«C’è un cadavere nel fosso»
ma era un 30enne ubriaco

ANCONA - Il giovane è stato trovato privo di sensi in via della Ferrovia. Sul posto la Croce Gialla, 118, Vigili del fuoco e polizia

I Vigili del fuoco durante un intervento (Archivio)

«C’è un cadavere lungo il canale di scolo nel fossato di via della Ferrovia».
E’ stato questo il tono delle numerose chiamate giunte nel pomeriggio, intorno alle 17.30, al numero unico di emergenza 112.

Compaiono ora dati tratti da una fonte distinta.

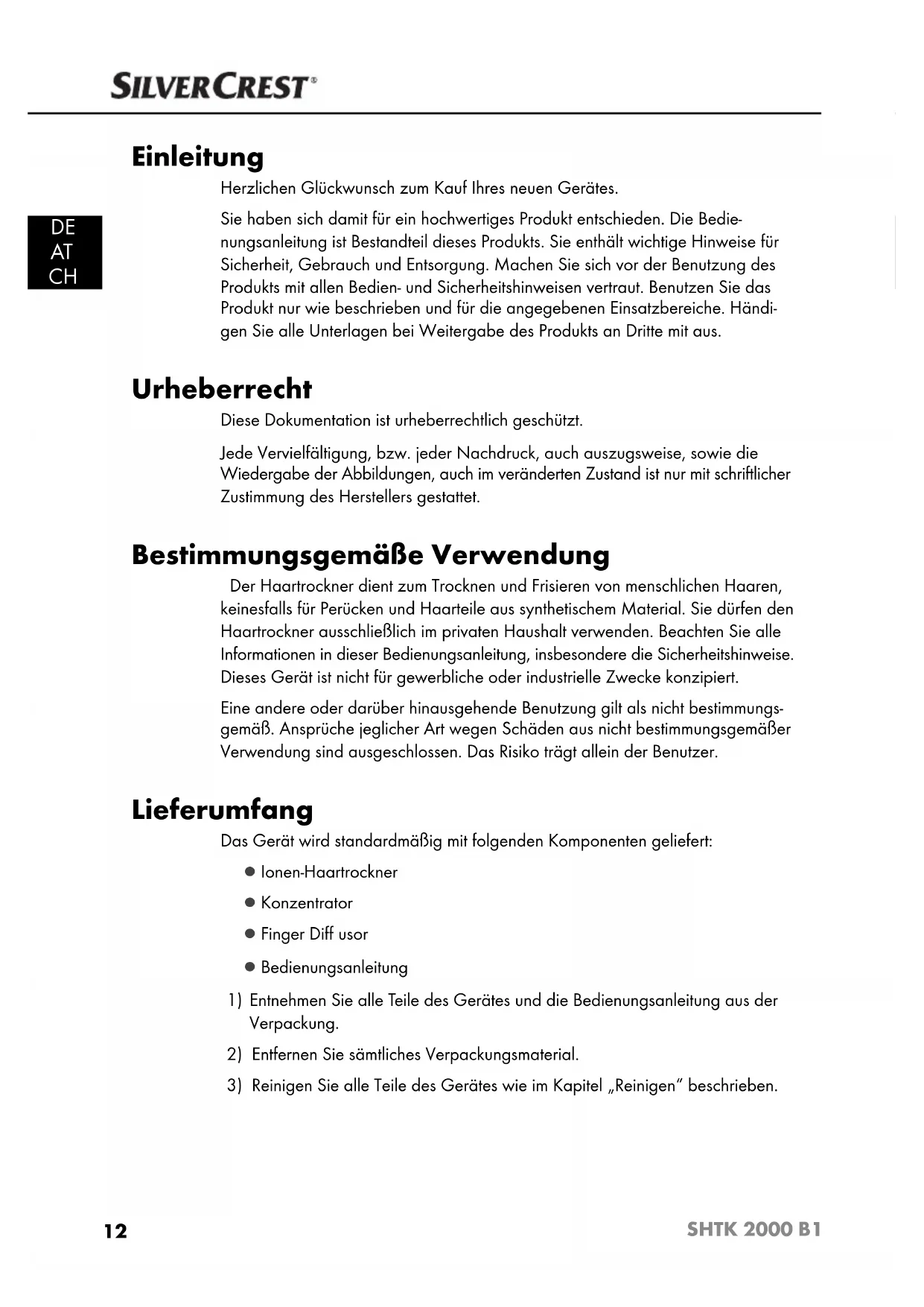 SHTK 2000 B1 - Haartrockner SILVERCREST - Kostenlose Bedienungsanleitung

Sul posto, all’altezza tra via Pelliccia e via della Ferrovia, sono arrivate in sirena l’ambulanza della Croce Gialla, l’automedica del 118, le Volanti della questura e i Vigili del fuoco.

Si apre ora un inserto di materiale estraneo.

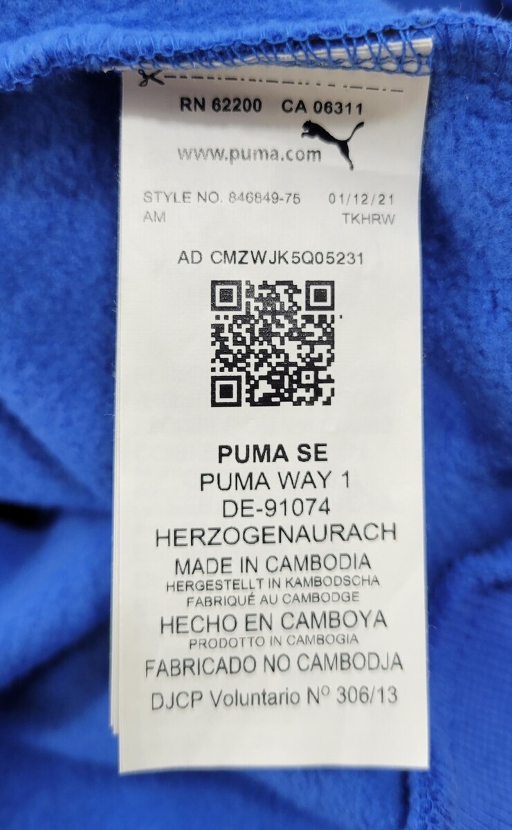 D) Puma Blue Men Pullover Long Sleeve Big Logo Hoodie Kangaroo Pocket Large

I soccorritori, giunti sul luogo, hanno subito notato la figura di una persona distesa a terra e priva di sensi, finita nella vegetazione.
Immediatamente i pompieri si sono fatti strada seguiti dal personale sanitario.
Una volta raggiunta la persona, un romeno di 30 anni, a far capire che il giovane non era morto è stato il forte odore di alcol che emanava.
Non appena i soccorritori sono riusciti a fargli riprendere i sensi, il 30enne ha raccontato che aveva bevuto una bottiglia di rum e poi, stanco della camminata che si stava facendo, era finito nel fosso dove si era addormentato.